Over lunch we talked about what has happened. She knew all the facts, but this was the first time we’d been able to talk about it face to face (and the first time I was able to share the various pictures I have of E’s girlfriends with her). The more we talked, the more utterly unfathomable and inexplicable E’s actions (or lack thereof) and behaviour seemed. But I also laughed about what had happened for probably the first time since it happened. It was a gorgeous, much-needed, day.
To be honest, over the last year or so, I’ve found that most questions about E, and his behaviour over the last decade or so, can be answered with variations on one basic catch-all phrase: ‘because he’s a Dickhead’. Obviously we can add descriptive prefixes such as ‘lying’, ‘selfish’, ‘colossal’, ‘nasty’ etc to Dickhead, or indeed substitute Dickhead with ‘idiot’, ‘cockwomble’, ‘bastard’, ‘fuckwit’ or (my personal favourite) ‘wankpuffin’. But the basic answer is the same.
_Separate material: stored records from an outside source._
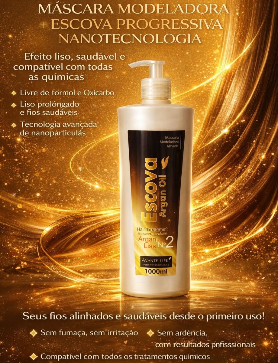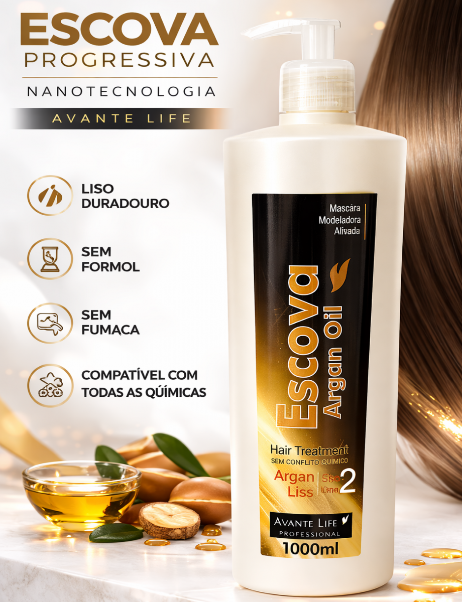A Escova Progressiva Nanotecnologia Avante Life é formulada à base de Oxícarbo e totalmente livre de formol, garantindo um efeito liso duradouro sem danificar a fibra capilar. Sem fumaça, sem irritação e sem ardência, é compatível com todos os tipos de tratamentos químicos, incluindo colorações, alisamentos e progressivas.
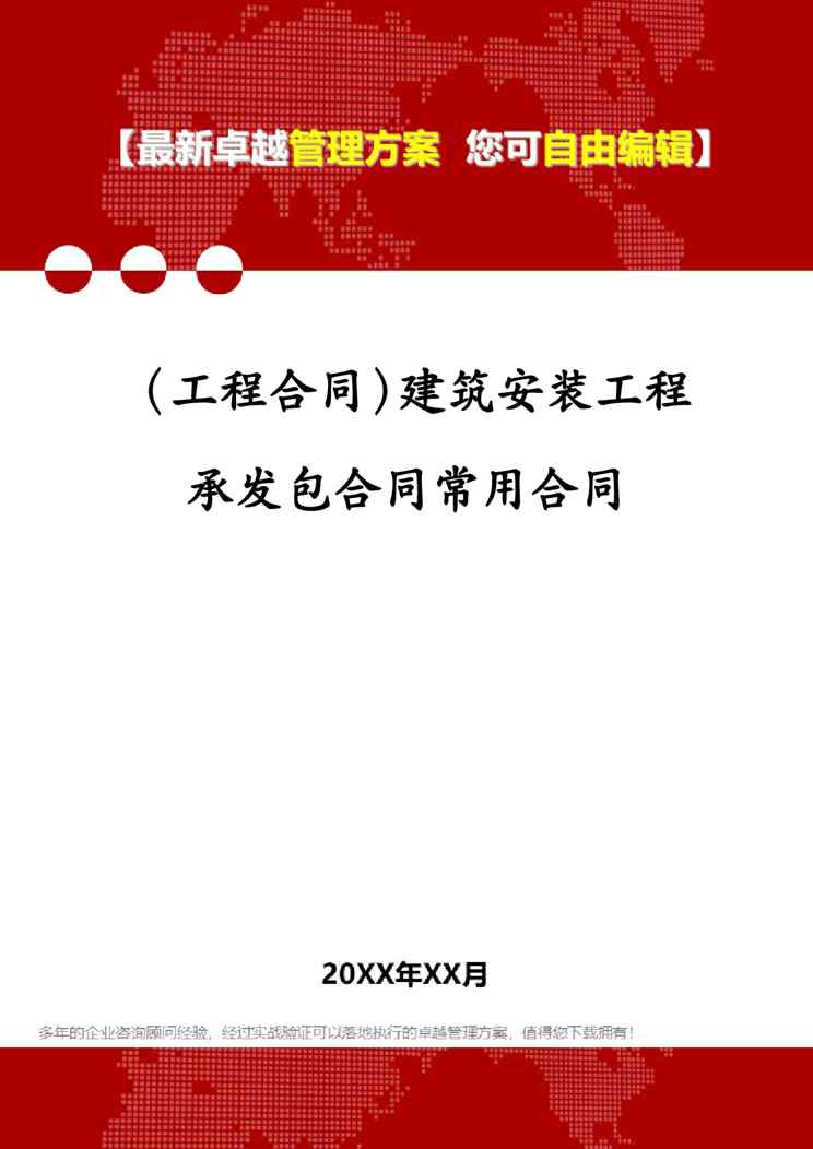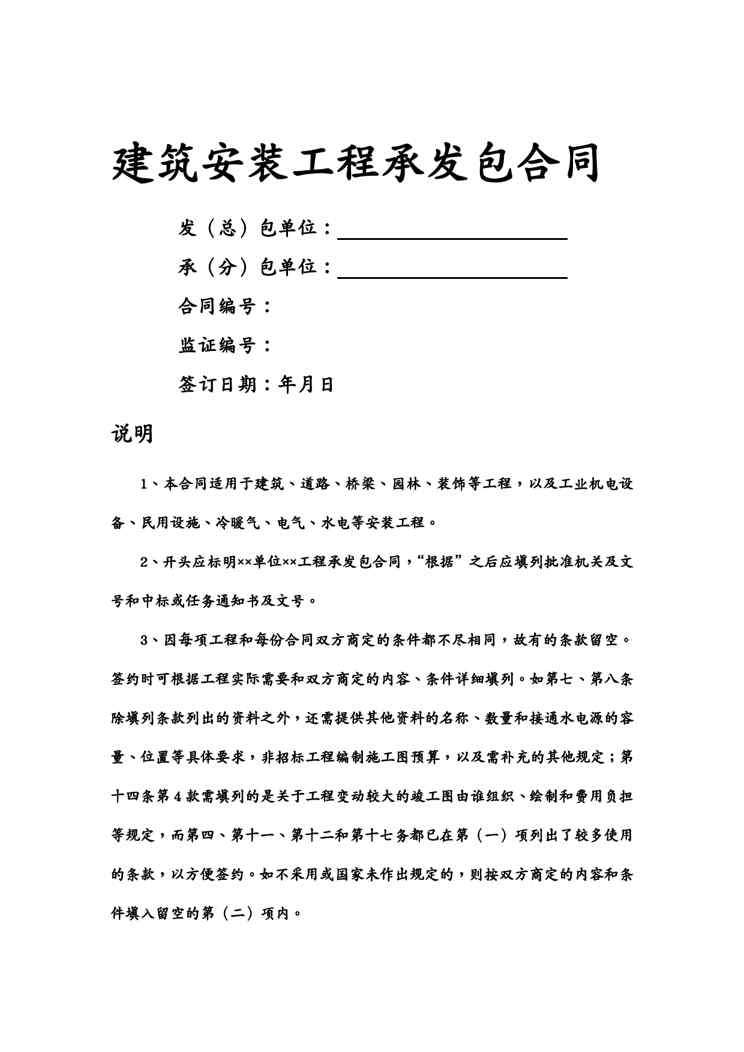 本站资深用户发布了最新的《(工程合同)建筑安装工程承发包合同常用合同》文档,以下内容为预览,详细内容可下载阅读。 声明:本站所有文章,如无特殊说明或标注,均为本站原创发布。任何个人或组织,在未征得本站同意时,禁止复制、盗用、采集、发布本站内容到任何网站、书籍等各类媒体平台。如若本站内容侵犯了原著者的合法权益,可联系我们进行处理。
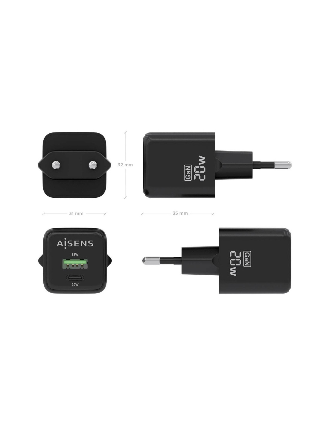 AISENS ASCH-20W2P011-BK Carregador de dispositiu mòbil Universal Negre AC Càrrega ràpida Interiors
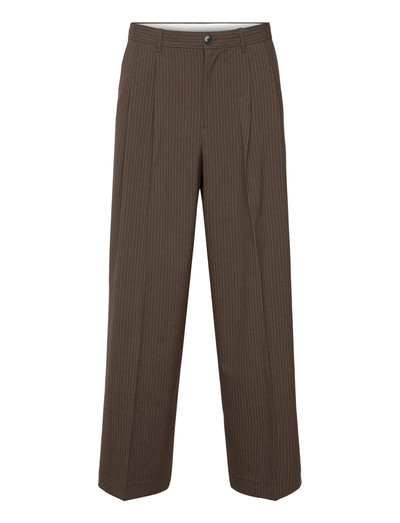 A pair of low waisted twill suit trousers cut to a loose fit. They feature a zip closure, slanted side pockets, back welt pockets, front pleats and back darts making them extra roomy, and front pressed creases for an extra tailored look.

But there’s one question I’ve never been able to answer. Obviously, to an extent, it can be answered with the catch-all phrase, but it’s not really enough, it doesn’t really explain it.
Why, if he was in love with someone else (several someone elses), did he stay with me?
He had at least two affairs between 2007 – 2012 (that I know of, evidence suggests that there were probably more). He was also having affairs pretty much constantly from 2013 – 2016. Surely someone who had so many affairs must have been very unhappy in the relationship they were in? Surely, someone who was that unhappy would have preferred to leave a relationship if they were in love with someone else?
Why did he stay?
After I discovered the first affair, I was very clear with him that he was welcome to leave me for K, that I didn’t want to be with him if he didn’t want to be with me. It was absolutely clear that if he didn’t want to be with me I didn’t want him to stay. Over the years after the affair with K, I asked him multiple times if he was seeing someone else. He always denied it. He didn’t have to be in a relationship with me. He knew that if he wanted to be with someone else, all he had to do was say so and go. He’d always had that ‘out’ option.
Why didn’t he leave?
It wasn’t like I was clingy or dependent or desperately in need of him. Indeed one of the few truths he told O was that I ‘didn’t need him’ – of course I didn’t, I loved him and wanted him to be part of our family and our lives, but I didn’t ‘need’ him.
It’s also not like he would ever have lost access to his children if he’d left. He knew very well he would always have a relationship with the kids. In fact he’d already experienced this for himself – I’d asked him to leave for a while after I’d found out about K and I made sure he saw the kids every weekend.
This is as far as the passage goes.